From the abstract:
"Here, we show for the first time the monolithic integration of a CMOS integrated circuit with graphene, operating as a high mobility phototransistor. We demonstrate a high-resolution image sensor and operate it as a digital camera that is sensitive to UV, visible and infrared light (300 – 2000 nm). The demonstrated graphene-CMOS integration is pivotal for incorporating 2d materials into the next generation microelectronics, sensor arrays, low-power integrated photonics and CMOS imaging systems covering visible, infrared and even terahertz frequencies."
At a closer look, the sensing layer is, actually, "PbS colloidal quantum dots: upon light absorption an electron-hole pair is generated, due to the built in electric field the hole transfers to the graphene while the electron remains trapped in the quantum dots:"
"Due to the high mobility of graphene (here ~1000 cm2/Vs), this photoconductor structure exhibits ultra-high gain of 10^8 and responsivity above 10^7 A/W, which is a strong improvement compared to photodetectors and imaging systems based on quantum dots only."

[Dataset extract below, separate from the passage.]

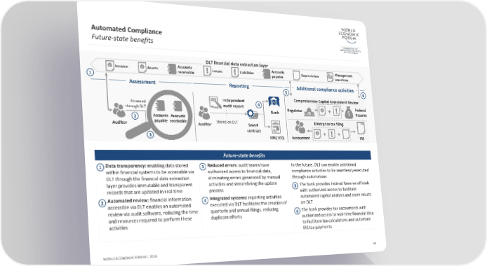 Automated Compliance Future-state benefits DLT financial data extraction layer Income Assets Accounts Losses Liabilities Accounts Depreciation Management receivable payable assertions 1 Assessment Reporting Additional compliance activities 5 6 Independent Comprehensive Capital Assessment Review Accessed audit report 4 Federal through DLT Bank Regulator + Reserve 2 Accounts Accounts Auditor payable receivable Auditor Stored on DLT Smart Enterprise tax filing contract + + 3 10K/10Q Accountant IRS Future-state benefits 1 Data transparency: enabling data stored 3 Reduced errors: audit teams have In the future, DLT can enable additional within financial systems to be accessible via authorizedaccess to financial data, compliance activities to be seamlessly executed DLT through the financial data extraction eliminating errors generated by manual through automation: layer provides immutable and transparent activities and streamlining the update • The bank provides Federal Reserve officials records that are updated in real time process 5 with authorized access to facilitate 2 Automated review: financialinformation 4 Integrated systems: reporting activities automated capital analysis and store results accessible via DLT enables an automated executed via DLT facilitates the creation of on DLT review via audit software, reducing the time quarterly and annual filings, reducing • Thebank provides tax accountants with and resources required to perform these duplicate efforts 6 authorized access to real-time financial data activities to facilitate tax calculations and automate IRS tax payments WORLD ECONOMIC FORUM | 2016 98

The sample images are quite nice for a first graphene image sensor ever produced:
"Future graphene-based image sensors can be designed to operate at higher resolution, in a broader wavelength range, and potentially even with a form factor that fits inside a smartphone or smartwatch (Supplementary Notes, Figure S9). In contrast to current hybrid imaging technologies (which are not monolithic), we do not encounter fundamental limits with respect to shrinking the pixel size and increasing the imager resolution. Graphene patterning and contacting, i.e. lithography, will ultimately be the limiting factor. Therefore, competitively performing image sensors with multi-megapixel resolutions and pixel pitches down to 1 µm are within reach."
A somewhat similar paper, albeit from different authors, is going to be presented at ISSCC 2017 Session 15 on Feb. 7:
"15.7 Heterogeneous Integrated CMOS-Graphene Sensor Array for Dopamine Detection," B. Nasri, T. Wu, A. Alharbi, M. Gupta, R. Ranjit Kumar, S. Sebastian, Y. Wang, R. Kiani, D. Shahrjerdi, New York University, Brooklyn, NY.